- _Information shown_
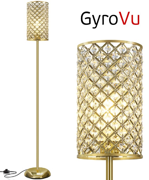 GyroVu Elegant Crystal Standing Floor Pole Lamp with On/Off Foot Switch - E26 Bulbs (Not Included) 100 Watts Max - 5.5FT - Gold (Model: ‎R-1FL-65008)
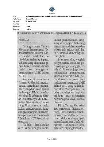 Title DISNAKERTRANS BANTEN SELESAIKAN PELANGGARAN UMK DI 9 PERUSAHAAN Media Name Ekonomi Neraca Pub. Date 04 Maret 2019 Page/URL 9 Media Type Koran Sentiment Positive Page 11 of 142.
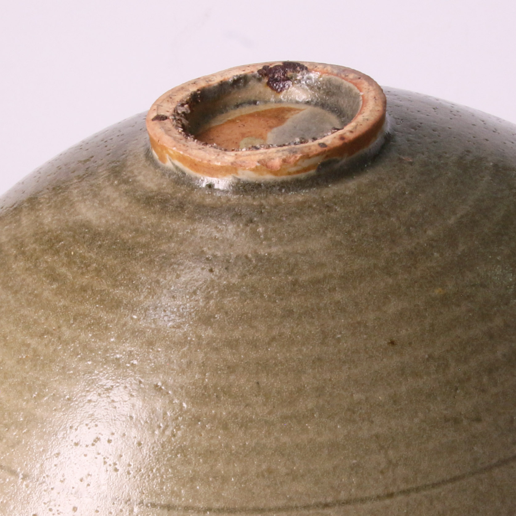 在釉色與工藝細節上,此盞施以具有玻璃質感的青綠釉,釉色深沉而清亮。由於刻花處胎體高低不平,釉料在燒製過程中自然流動聚集,形成了「釉厚處色深、釉薄處色淺」的視覺效果,使牡丹紋飾更顯層次深邃。器表光澤溫潤,釉面可見細微的氣泡與開片,展現了耀州窯「巧如範金,精比琢玉」的極高燒製水平,既體現了皇室官用瓷的精緻,也蘊含了宋代文人雅士的審美趣味。

- _Task to carry out_
Copy the final stretch of lines, starting at the one that holds "Title DISNAKERTRANS BANTEN" and ending at the last line of the data, exactly; omit pictures.

- _Task solution_
 Title DISNAKERTRANS BANTEN SELESAIKAN PELANGGARAN UMK DI 9 PERUSAHAAN Media Name Ekonomi Neraca Pub. Date 04 Maret 2019 Page/URL 9 Media Type Koran Sentiment Positive Page 11 of 142.
 在釉色與工藝細節上,此盞施以具有玻璃質感的青綠釉,釉色深沉而清亮。由於刻花處胎體高低不平,釉料在燒製過程中自然流動聚集,形成了「釉厚處色深、釉薄處色淺」的視覺效果,使牡丹紋飾更顯層次深邃。器表光澤溫潤,釉面可見細微的氣泡與開片,展現了耀州窯「巧如範金,精比琢玉」的極高燒製水平,既體現了皇室官用瓷的精緻,也蘊含了宋代文人雅士的審美趣味。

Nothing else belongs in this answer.